Бернар-Франсуа Бальзак умер 19 июня 1829 года, месяц не дожив до восьмидесяти трех лет. Отпевание состоялось два дня спустя в церкви Сен-Мерри, похороны — на кладбище Пер-Лашез.
Сказать, что Бальзак переживал, — это значит ничего не сказать. У мужчин почему-то не принято показывать свое горе на людях (недаром термин «плакальщица» не имеет мужского рода). Вот и Бальзак переживал свое горе внутри себя. С другой стороны, он понимал, что восемьдесят три года — это серьезный возраст, и ничего тут не поделаешь.
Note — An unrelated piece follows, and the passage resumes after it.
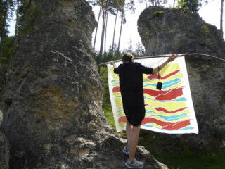 sind alltäglich stattfindende Handlungen mit Textilien. Auf Schutzbedürfnisse wie Kälte, Wärme oder Nässe ausgelegt gibt es Nahtstellen zwischen Innen und Außen. Durch diese Hüllen findet ein ständiger Austausch statt, mit denen wir unsere Umgebung erfahren. Bei dem Projekt entsteht ein textiles Equipment, das den Menschen in der Landschaft begleitet und umhüllt. Die textile Kollektion beinhaltet Elemente für die Mode, mit beweglichen Objekten und Gegenstände für den Raum. Es werden individuelle textile Formen entwickelt, die durch Haptik oder Optik die Fähigkeit haben Schutzfunktionen zu erfüllen.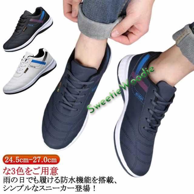 防水 スニーカー メンズ カジュアルシューズ 幅広 ウォーキングシューズ 軽量 防水シューズ レースアップ 運動靴 紳士靴 合皮 撥水 ビジネス ランニング ゴルフ 歩きやすい 通勤 通学 中学生 24.5cm-27.0cm 春夏秋冬

Вообще, когда умирают близкие люди, начинаешь по-другому оценивать и свою жизнь, приходит осознание того, что жизнь коротка и твоя очередь может быть следующей, а еще так много надо сделать.
Вот что пишет по поводу отношения Бальзака к отцу А. Труайя:
«Смерть отца его глубоко взволновала. Посмеиваясь над старческими причудами Бернар-Франсуа, уловками и заботами в попытке избежать болезней, сын испытывал к нему благодарность: своеобразие, оптимизм, наивность этого человека даже в воспоминаниях продолжали очаровывать, контрастируя с жесткостью и авторитарностью матери. Рядом с ним он никогда не испытывал неловкости, в ее присутствии нередко ощущал себя чужаком в доме».
* * *
В 1829 году у Бальзака (ему в этот год исполнилось тридцать) были опубликованы два первых произведения, подписанных его собственным именем, которые наконец-то принесли ему славу и открыли перед ним двери самых престижных издательств. Это был роман «Шуаны» и трактат «Физиология брака».
С. Цвейг по этому поводу рассказывает:
«Путь еще не свободен, но дамба уже прорвана, и со всей мощью запруженного потока низвергается подобно каскаду безмерная творческая сила Бальзака. С тех пор как Париж заприметил разностороннее дарование этого молодого писателя, который в одно и то же время может испечь в одной духовке столь солидный пирог, как исторический роман, и столь пикантный пирожок, как „Физиология брака“, Бальзак „почти обезумел от успеха и от избытка заказов“».